Answer: Two months before I had done a PPR vaccine challenge experiment in Pirbright Isolation unit and from the eye swab of vaccinated goats I was able to revive the vaccine
virus on 8 days post vaccination. However I kept two naïve goats with these vaccinated animals to check the transmission and could not find any PPR specific antibody in these two animals on 28 days post-vaccination. May be the amount of vaccine virus excreted
through tears (eye swabs) are not sufficient to infect these naïve animals as we recovered these virus after second passage in many animals and 1st passage in few animals. In contrast the infected goats without vaccinenation excretes a large quantity
of virus and almost all eye swabs were positive for virus isolation. Therefore there is a chance that these infected unvaccinated goats may transmit virus to other naïve sheep, goats and cattle live together.
Best regards
Satya
From: Establishment of a PPR Global Research and Expertise Network
(PPR-GREN) [mailto:[log in to unmask]] On Behalf Of Paul Rossiter
Sent: 09 February 2014 18:15
To: [log in to unmask]
Subject: (1)Did PPR benefit from rinderpest eradication? (2). PPRV in cattle. Moderator's input
Dear Colleagues,
(1) Thanks to those of you who sent in answers to Dr Ithondeka’s question. I am not sure that we have fully answered it and, since one of my jobs as
moderator is to stimulate discussion or stir things up a bit, I am going to put my head on the block with a few thoughts on the subject.

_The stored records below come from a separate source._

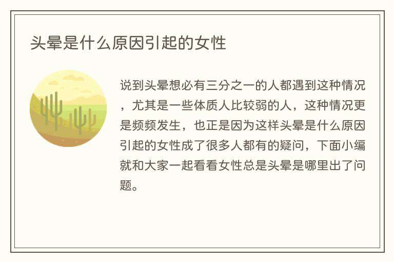 说到头晕想必有三分之一的人都遇到这种情况,尤其是一些体质人比较弱的人,这种情况更是频频发生,也正是因为这样头晕是什么原因引起的女性成了很多人都有的疑问,下面小编就和大家一起看看女性总是头晕是哪里出了问题。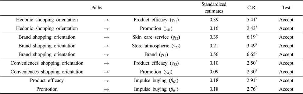 Table 3과 Fig. 2에 의하면, 기능성 화장품 소비자들의 쇼핑성향과 점포속성의 관계에서, 쾌락적 쇼핑성향은 점포 속성 중 제품 기능성(γ31=.39, t-value=5.41, p<.001), 판매 촉진(γ41=.16, t-value=2.45, p<.05)에 유의한 영향을 주었다. 즉, 기분 전환이나 여가 활동의 하나로 쇼핑을 즐기는 소비자들은 기능성 화장품을 구매할 때 화장품의 효능, 효과, 사용감 등의 제품 기능성을 중요하게 인지하였으며, 사은 행사, 샘플 증정 등의 판매촉진 활동도 중요하게 인지하는 것으로 나타났다. 그러나 점포 분위기나 판매원의 친절, 점포에서 제공하는 스킨케어 서비스나 브랜드에 대해서는 유의미하게 인지하지 않는 것으로 나타났다.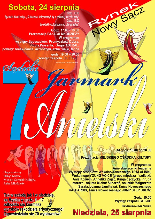 W najbliższy weekend (sobota i niedziela, 24 i 25 sierpnia) prezydent Nowego Sącza zaprasza na sądecki Rynek na kolejny, siódmy Jarmark Anielski.
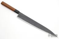 The Yanagiba by Takeda Knives is a long narrow kitchen knife traditionally used for slicing sashimi. The blade is Stainless Clad Aogami Super Steel (NAS) which is a high-carbon steel alloy with vanadium and is ground on both sides, .080" blade stock and 1.450" blade depth, hidden tang construction. As with all of Takeda's knives, it has a strong sharp edge. The octagon shaped wood handle is easy to hold. Comes with original packaging. Brand new from maker.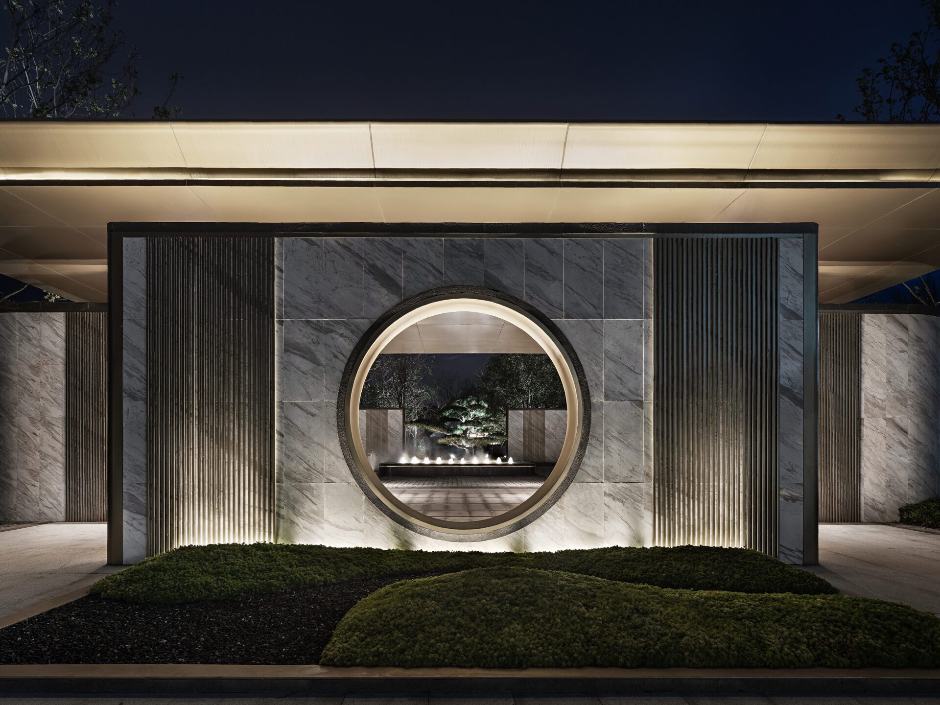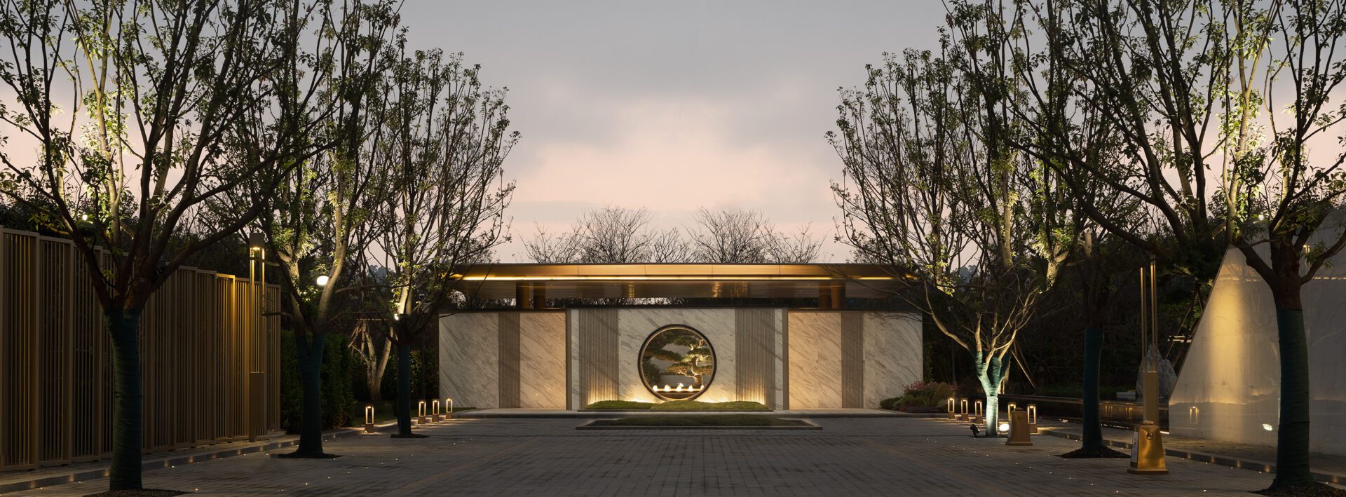 The grand yet delicate Arrival Garden with clean lines, water elements, art, and a visual corridor elevates the connection to nature by allowing river and mountain views into the site. The Arrival Tree Bosque framed by a series of walls and vegetation signals visitors to slow down and focus on the moon gate giving a glimpse of the next phase in the journey. The Iconic Pavilion house is a metaphor for spring and is meant to embody a feeling of abundance. The contemporary lines of the pavilion walls carefully capture the harmony of nature from the surrounding landscapes.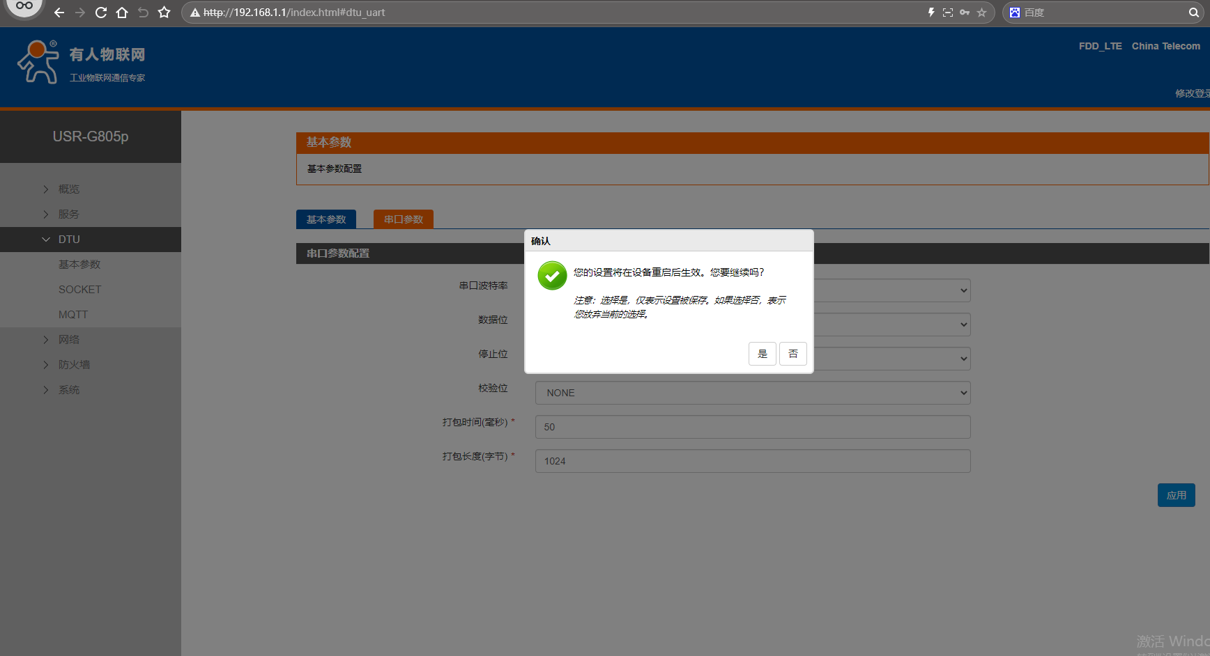 三、USR-G805p網(wǎng)頁參數(shù)設(shè)置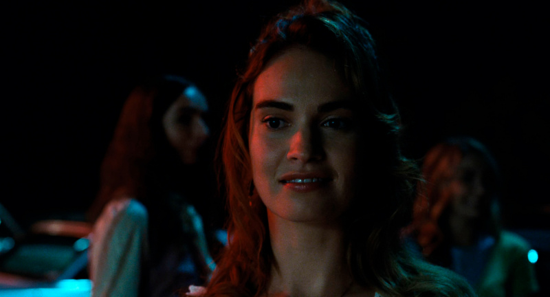 История его знакомства с Пэм, которая потом стала его женой, показана так. У фон Эрихов настолько не было времени ни на что, кроме рестлинга, что они и с девчонками-то не встречались. (Подчеркиваю, это в фильме.) Поэтому шустрая Пэм, которая сама подкатила к Кевину и практически сама пригласила его на свидание - смогла быстро захомутать прославленного спортсмена-девственника. В реальности оно было всё совсем не так (как и большинство из того, что показано в картине), но об этом поговорим в конце рецензии под спойлером). Пэм сыграла очень неплохая актриса Лили Джеймс, но, скажем честно, играть ей здесь было особо нечего.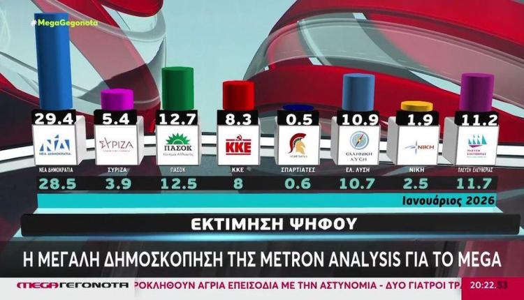 Η μεγάλη δημοσκόπηση του MEGA Ελλάδα iraklionews.gr 20/02/2026 00:03 Share it! FacebookTwitter Η μεγάλη δημοσκόπηση της Metron Analysis για το MEGA Ακολουθήστε το Iraklionews σε Google News και Facebook Megaδημοσκόπηση Share it! FacebookTwitter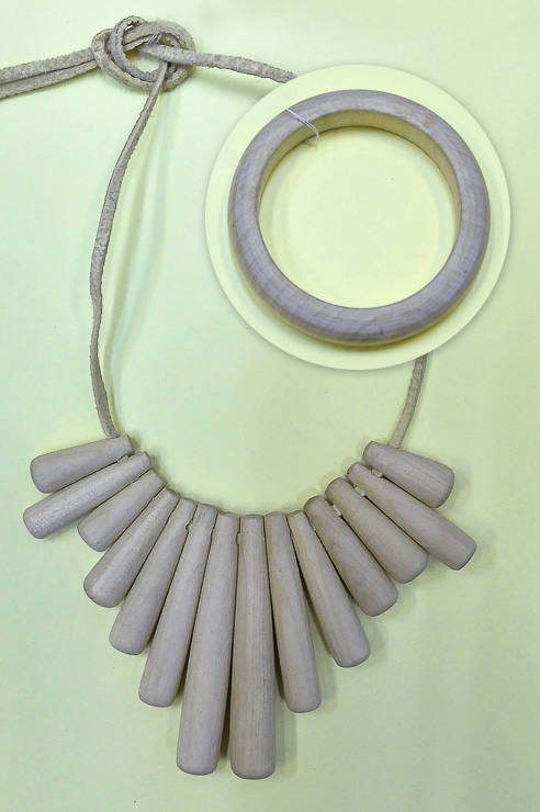 Людмила Долгушина (1946–2003). Комплект украшений «Березка». 1996. Береза, точение

The original question relates to the apparent upsurge in the distribution of PPR in many parts of the Old World at or just after the eradication of rinderpest
from the same territories. What I think is the underlying concern is whether or not the upsurge of PPR, especially in East Africa, was just a coincidence or was in some way aided or even caused by the eradication of rinderpest (see other comments on this
from Drs Richard Kock, Ashley Banyard and Tim Obi). If the eradication of rinderpest did play a role then we should understand how this came about in order to avoid repeating it. To me, it would mean that the presence of rinderpest must have been suppressing
the transmission of PPRV in sheep and goats. Could this have been due to the virus itself immunizing nearby small ruminants or to rinderpest control measures especially vaccination?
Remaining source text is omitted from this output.